_Data provided_:
[Start of section]

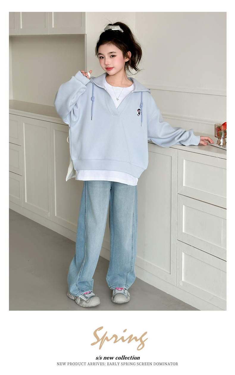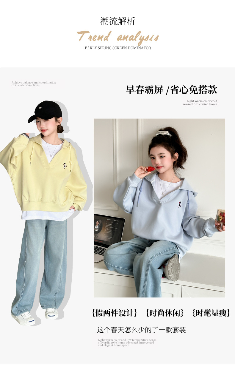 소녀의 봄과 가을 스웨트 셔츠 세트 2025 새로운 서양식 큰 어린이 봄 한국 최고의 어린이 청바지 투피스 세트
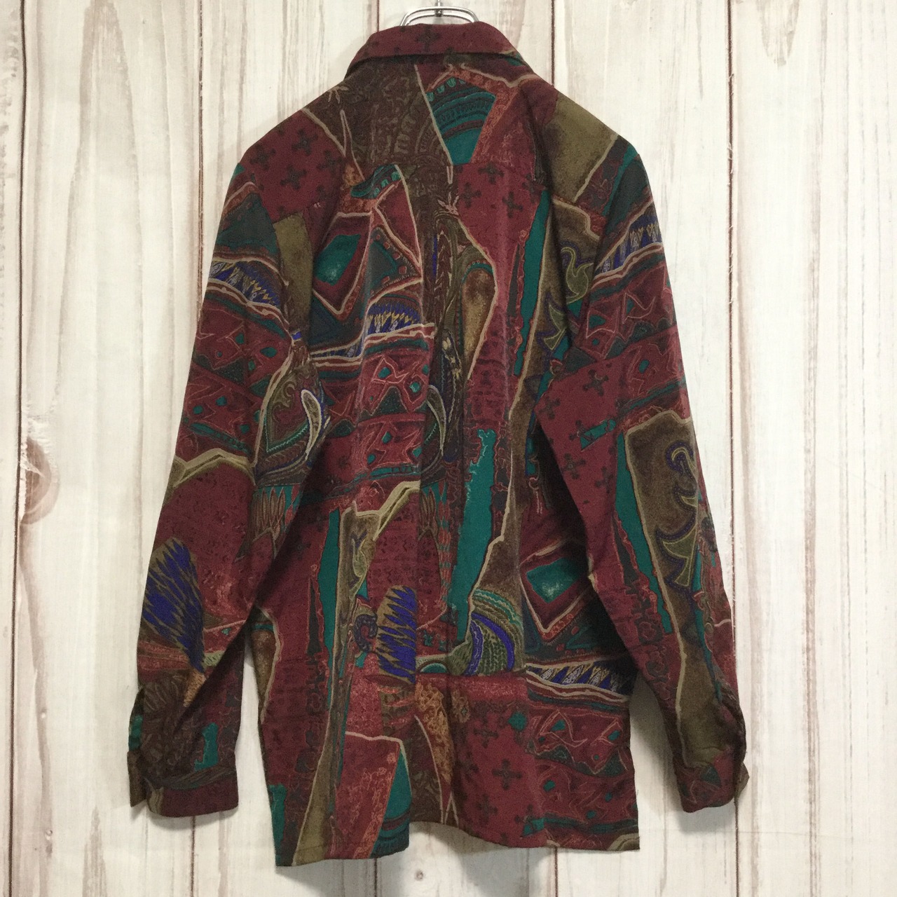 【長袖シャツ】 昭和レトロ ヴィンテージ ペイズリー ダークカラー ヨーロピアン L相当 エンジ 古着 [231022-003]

[End of section]
[Start of section]

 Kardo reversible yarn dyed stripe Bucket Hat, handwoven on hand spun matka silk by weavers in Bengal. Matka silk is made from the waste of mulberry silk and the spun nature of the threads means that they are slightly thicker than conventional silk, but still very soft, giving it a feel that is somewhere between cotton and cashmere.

[End of section]

_Your objective_:
Pictures aside, return exactly the lines from the data above, starting at the line that has "소녀의 봄과 가을 스웨트" and ending at the line that has "エンジ 古着 [231022-003]", both included.

_Reply to the task_:
 소녀의 봄과 가을 스웨트 셔츠 세트 2025 새로운 서양식 큰 어린이 봄 한국 최고의 어린이 청바지 투피스 세트
 【長袖シャツ】 昭和レトロ ヴィンテージ ペイズリー ダークカラー ヨーロピアン L相当 エンジ 古着 [231022-003]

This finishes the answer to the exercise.